Otro Breaking Bad. El próximo martes termina una de las series televisivas de mayor rating en su género, con mayores cargas de mala sangre, angustia, temor, histrionismo barato y sobreactuaciones ofensivas, seguidas de reacciones atemorizantes de turbas que corean y aclaman al peor de los personajes. Los próximos seis días mantendrán al mundo en suspenso, episodio tras episodio, en espera de la difusión del desenlace. Este final despierta ya más expectativas que las que en su momento pudieron alentar los de Los Soprano o de Lost. Y por supuesto que nadie espera ahora uno de la calidad del celebrado remate de The Wire.

Pero ni el atractivo morboso que pueda llegar a tener la todavía no vislumbrada conclusión de House of Cards podría aspirar a competir con la capacidad de convocatoria a que apunta la emisión nocturna de este ocho de noviembre. Y es que, en su vertiginosa ruta hacia su punto más alto de excitación planetaria, la serie que culmina el martes reúne todos los ingredientes de éxito propuestos por Jordi Costa, un analista de tele, cine, cómics y otros productos de la cultura popular.

Este especialista encuentra en el actual auge de las teleseries la construcción de personajes irredimibles, hombres irreparables, que en Babelia del sábado identifica con el oscuro e inquietante ‘Walter White’ de Breaking Bad. Pero esos calificativos de irredimible e irreparable podrían describir también a su manera a Donald Trump. Claro, en una versión grotesca, muy distante, por supuesto, de los matices y la complejidad del fabricante de drogas y profesor de química de una high school de Nuevo México.

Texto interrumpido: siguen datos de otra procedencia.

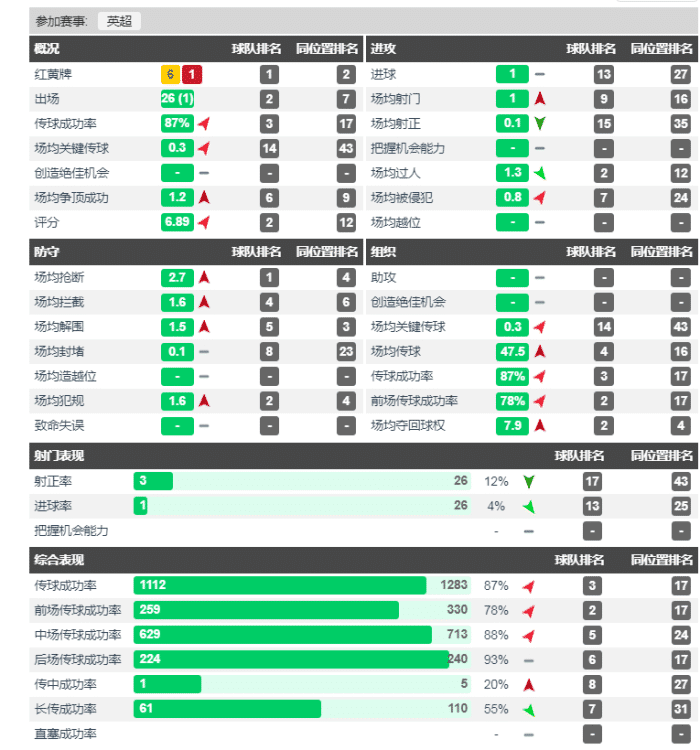 英超五大防守型中场数据对比,谁是英超最佳防守型中场?

Mundo en vilo. Trump es, por supuesto, uno de los dos personajes centrales que llenará las pantallas de tele, las tabletas, las compus y los celulares del mundo en las emisiones finales de la serie de pesadilla que acabará entre la noche de este martes y, previsiblemente, las primeras horas del miércoles. Será una larga jornada electoral, que decidirá la Presidencia de Estados Unidos, tras el conteo de los votos, los previsibles litigios y los rebotes en la política y los mercados mundiales al día siguiente.

Y quienes han seguido esta saga de año y medio que va de las campañas para las elecciones primarias a las que concluirán con la elección constitucional, podrían encontrar en la narrativa noticiosa de los medios sobre estas batallas la repetición del modelo de relato que el mismo Jordi Costa encuentra en las series más adictivas. Esto es, un “sostenido trenzado de crisis”, una tras otra. La más reciente, la provocada por el director del FBI contra la campaña de Hillary Clinton.

El resultado es la percepción de un estado de “suspensión permanente” de los procesos en curso: un mundo en vilo. La constante es la interrupción de la normalidad hasta ahora conocida, que hace de lo disruptivo la nueva normalidad. Ello, en correspondencia con un “tiempo fracturado y amoral”, según el análisis del propio Costa para las series.

Infierno y cielo (improbable). En efecto, es un tiempo fracturado y amoral que irrumpe lo mismo en las series que en las noticias de hoy con una asombrosa continuidad, al grado de que el retraso en el estreno de la sexta temporada de Homeland, hasta enero próximo, se debe a la decisión de sus productores de asociar el resultado de la elección del martes con los nuevos episodios de la trama paranoica de amenazas internas y externas a la seguridad estadounidense de la serie (y de la campaña).

A diferencia del vacío que afecta al adicto al finalizar una serie, esta vez extrañaremos los desvaríos televisivos de Trump y los ganchos de Clinton, pero no porque nos vayan a hacer falta, sino por el horror de su anunciada continuidad y materialización en el plano real. Sea en el infierno tan temido de la situación límite de un triunfo de Trump o en el improbable cielo prometido del triunfo de una exponente estándar del poder imperial, con su arrogancia, intervencionismo y proteccionismo peligrosamente estandarizados.